* [About this exercise]:
Omit all pictures. Copy exactly the lines from the line containing "Codelocks CL615 Push" to the end of the listing, with both ends included.

START The data

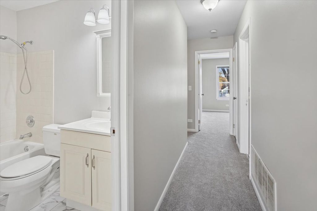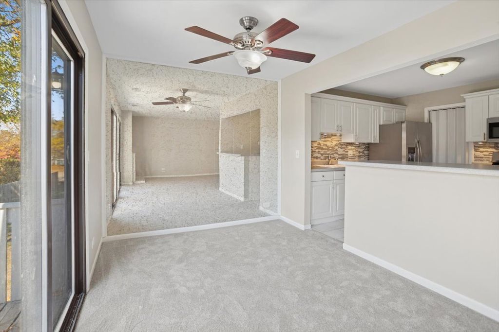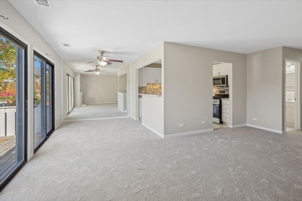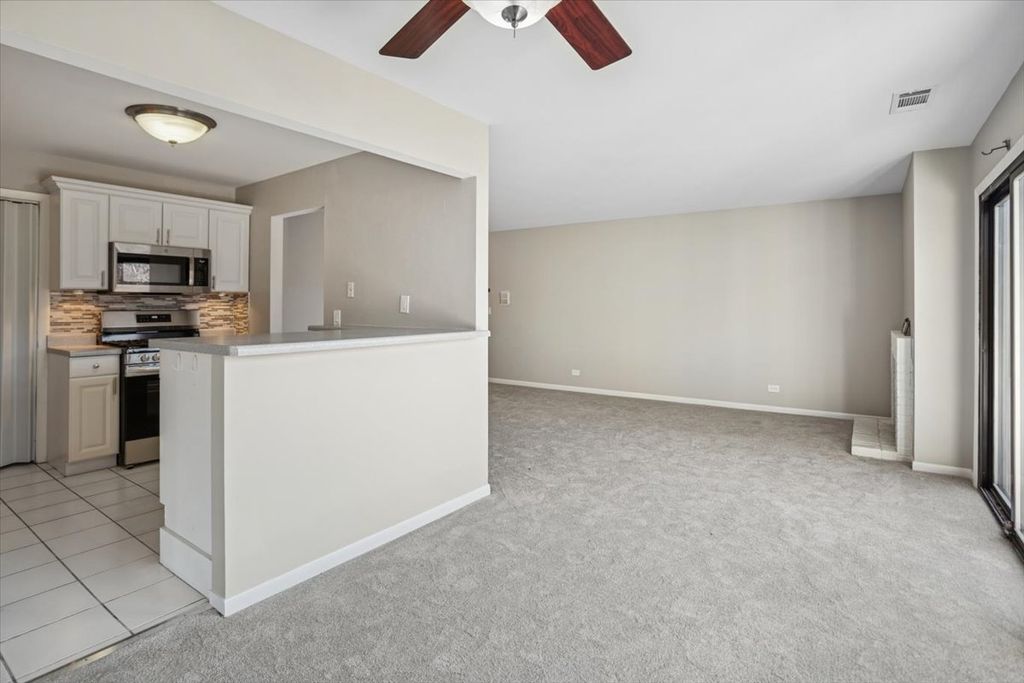 Move-in ready condo located at a quiet cul-de-sac in the heart of Schaumburg. This charming 2-bedroom, 2-bath residence blends comfort, style and convenience. The interior offers a bright and airy open layout, which includes a spacious living room complete with a cozy fireplace and double sliding glass doors that open to a large private deck. The brand new carpet underfoot invites you to kick back and unwind in style. The kitchen has been nicely updated with a sleek glass-tile backsplash, generous cabinetry and pantry space, a breakfast bar for casual dining, and new stainless-steel appliances that bring both function and polish to daily living. With new paint throughout and meticulous finishes, the home feels fresh and crisp. The main bedroom offers a private bath and large walk-in closet. A second full bath serves the guest or second bedroom. In-unit washer/dryer adds convenience. Plus newer furnace and hot-water-heater provide peace of mind and efficiency. Beyond the home, the community truly shines: enjoy the outdoor pool, dedicated park space, clubhouse and the full suite of surrounding amenities. Located just minutes from major shopping, dining and entertainment in Schaumburg, including the famous Woodfield Mall. This property provides both suburban calm and urban access. Schaumburg lies roughly 30 minutes northwest of downtown Chicago, making both city and airport commutes quite manageable. Highlights at a glance: 2 bedrooms, 2 full baths, Living room with fireplace and deck access, Kitchen with glass-tile backsplash, breakfast bar, new stainless appliances, Master bedroom with ensuite bath & walk-in closet, In-unit washer/dryer, New carpet & fresh paint throughout, Newer furnace and hot-water heater, Outdoor pool, clubhouse & park within the HOA, Quiet cul-de-sac location in Schaumburg, near shopping, restaurants & highways.
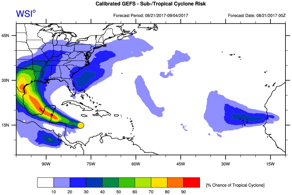 Latest 0Z Calibrated GFS Ensembles bullish on development for #Harvey once the system pushes back over the GoMEX; Texas should monitor
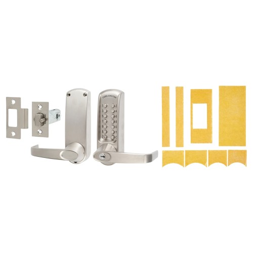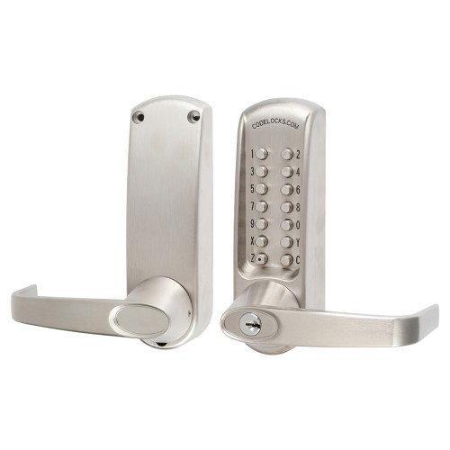 Codelocks CL615 Push Button Code Lock and Latch with Intumescent - Key Override - Brushed Steel
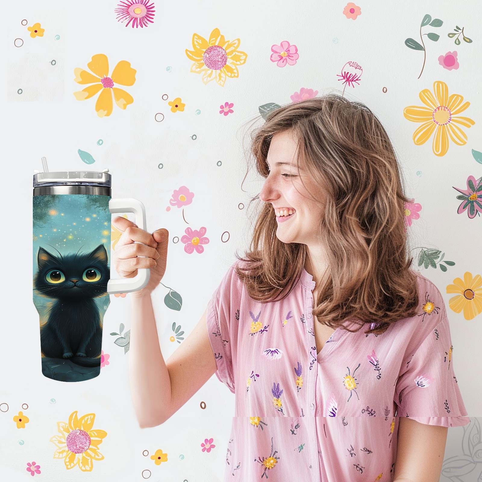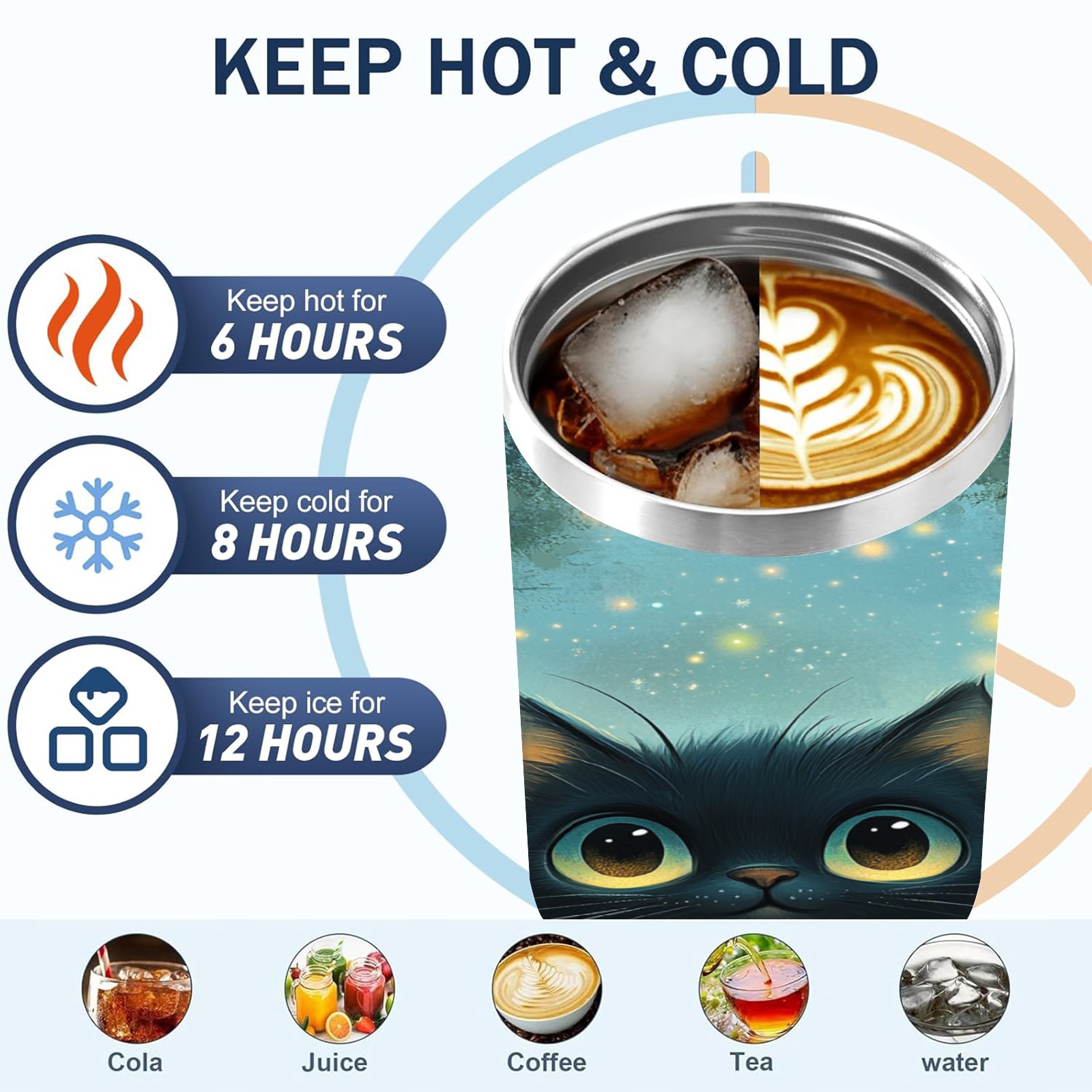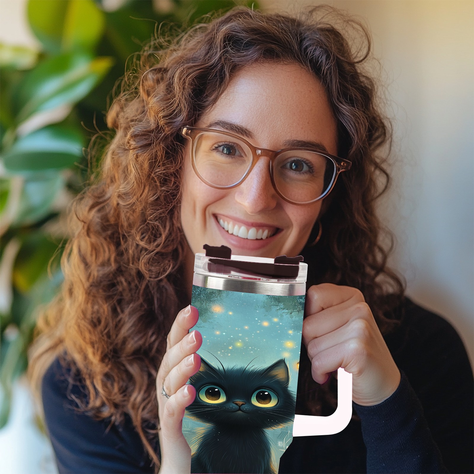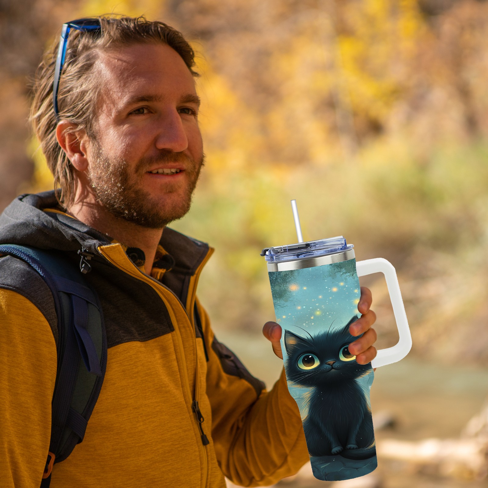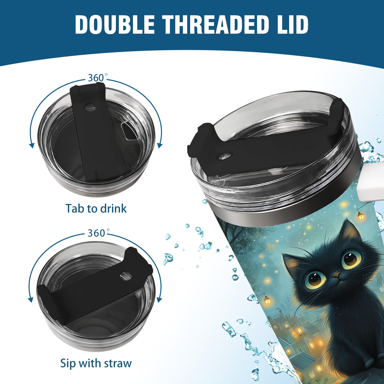 40 унций полностью напечатанный автомобильный стакан Gentle Black Cat Blue

END The data

* [Task response]:
 Codelocks CL615 Push Button Code Lock and Latch with Intumescent - Key Override - Brushed Steel
 40 унций полностью напечатанный автомобильный стакан Gentle Black Cat Blue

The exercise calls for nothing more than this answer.